E pensa, anzi, rimugina, si rode su quello che è e quello che potrebbe essere: diverso da tutti gli altri, più meritevole di gloria, più grande. Odia chi ha successo più di lui, fiuta le nefandezze di un’epoca di trapasso fra il vecchio mondo che muore e il nuovo che stenta a nascere, crede di scorgere il destino, suo e della Storia, nelle guerre civili della ex Jugoslavia — va volontario in Kraina, altrove: altri orrori — poi ancora nell’Urss morente e violenta e in quella lontanissima del deserto asiatico dove conosce una personale ascesi.
Qui la parentesi va aperta a favore di Carrère (di cui forse è criticabile l’eccessivo parlare di sé), che è un ottimo conoscitore delle vicende sovietico-russe (fra l’altro è figlio di una delle maggiori sovietologhe europee, Heléne Carrère d’Encausse), capace di far scorrere il nastro di quel lustro cruciale — dalla caduta del Muro alla presa del potere di Eltsin — in cui un Gorbaciov che qui diventa piccolo piccolo sorge e soprattutto cade davanti a un compito immane e anzi impossibile, realizzare la democrazia dentro un perimetro autoritario. Cadono con Gorby le speranze riformistiche, e perestroika e glasnost ci appaiono, a distanza di anni, parole morte, e soprattutto ci è più chiaro di come i russi odiassero tutto ciò che turbava il flusso lentissimo della propria millenaria vicenda.

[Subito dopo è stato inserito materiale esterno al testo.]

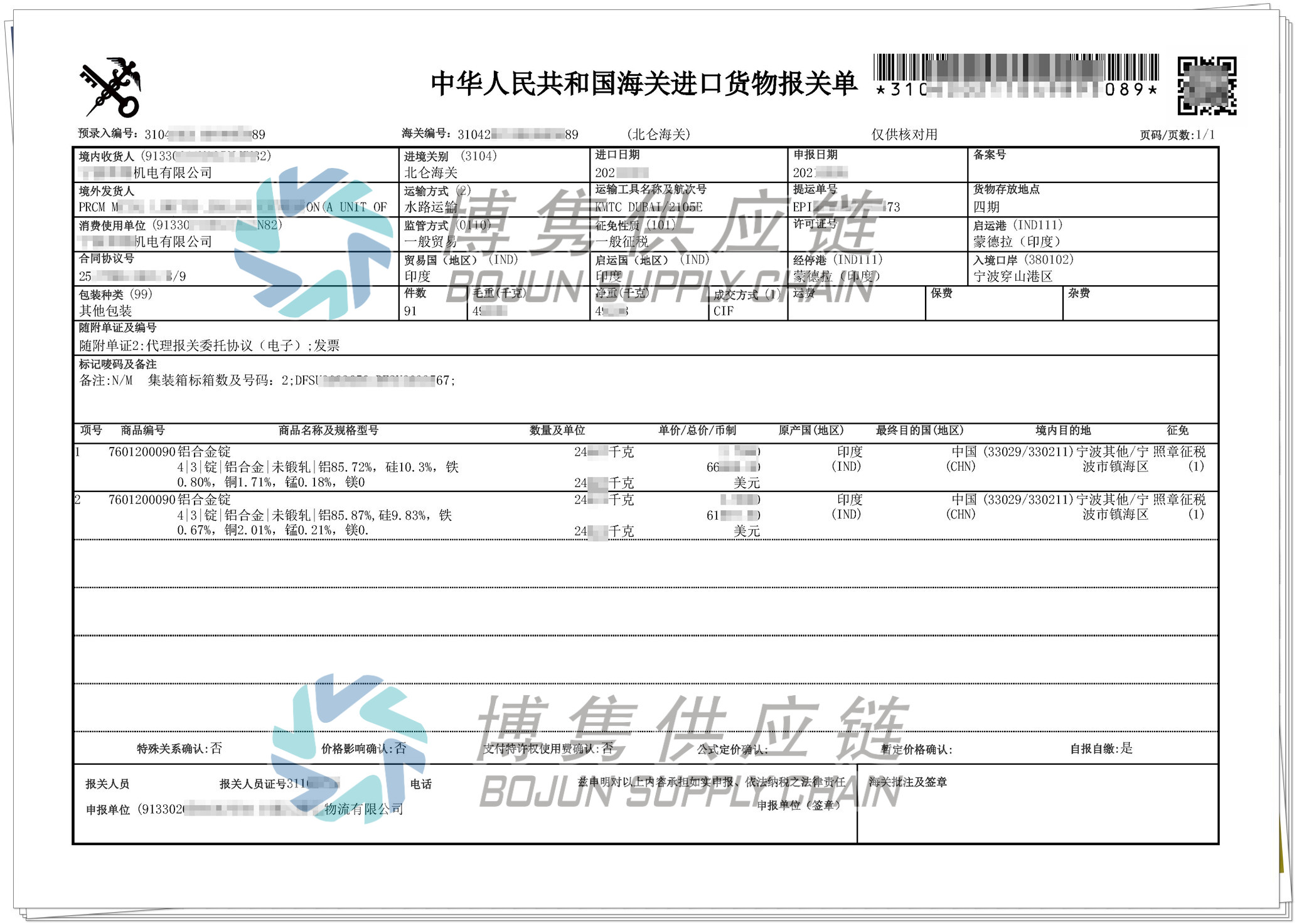 1、博雋供應(yīng)鏈對(duì)再生金屬(再生銅、鋁、鋁錠)有著豐富的進(jìn)口經(jīng)驗(yàn),代理過(guò)多家企業(yè)進(jìn)口。2、所有資料模板博雋皆可提供,減少企業(yè)整理資料的麻煩,省事省心,提高效率。
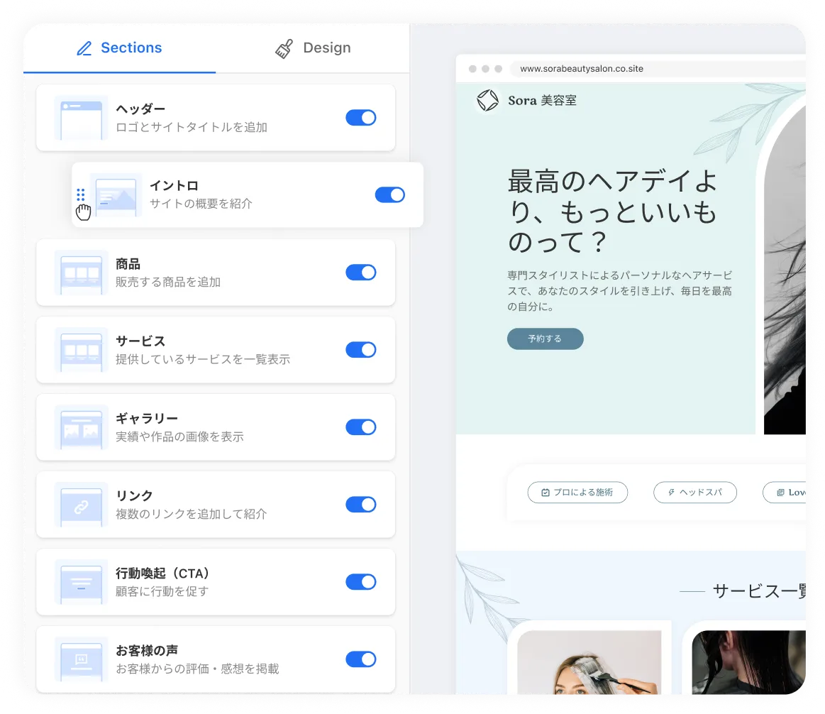 サービス紹介や商品ページなど、すぐに使えるセクションが用意されています。
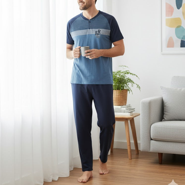 Men's short-sleeve henley shirt with blue stripes S7874500 | TUZZUT Qatar Online Shopping Order On WhatsApp Skip to content
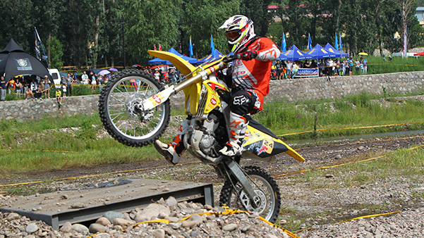 紅牛2015泥石挑戰(zhàn)賽決賽7月26日在北京懷柔區(qū)銳勢越野運動公園舉辦,這是紅牛贊助的又一重量級越野賽事,通過三大項目的角逐,最終河南濮陽騎手蘇善令以1分31秒單道成績奪得兩輪越野摩托技巧障礙賽冠軍。
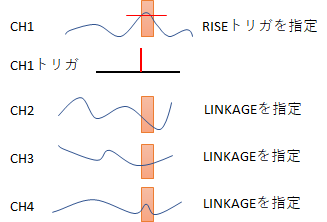 この場合、トリガの判別を行っているのはCH1のみですが、CH2,3,4にLINKAGEが指定されているので、イベント計測モードではCH1,2,3,4が同時に計測されます。

Tornato in Russia, Limonov pensa che il grande momento di fare la Storia, cioè la storia russa, sia arrivato, il miraggio del Potere lo prende al cuore, fonda un inverosimile partito nazionalbolscevico che non ha fortuna e che forse da qualche parte esiste ancora... Sono gli anni di Eltsin, e poi di quel Putin («da giovane era un teppistello come lui»), autoritario come uno zar, cinico come Stalin: ed ecco Limonov mettersi contro Vladimir, finire accanto al gruppo (Altra Russia) dell’ex campione di scacchi e oppositore «liberale» Kasparov, un’altra avventura mancata, e poi il terribile esilio a cui è costretto, le fascinazioni mistiche, infine i nuovi gulag putiniani, il ritorno alla libertà, e con tutti gli onori. E chissà se Limonov non avrà ancora qualche pagina da scrivere. Probabilmente no: la storia abita altrove e il tempo non è dalla sua parte.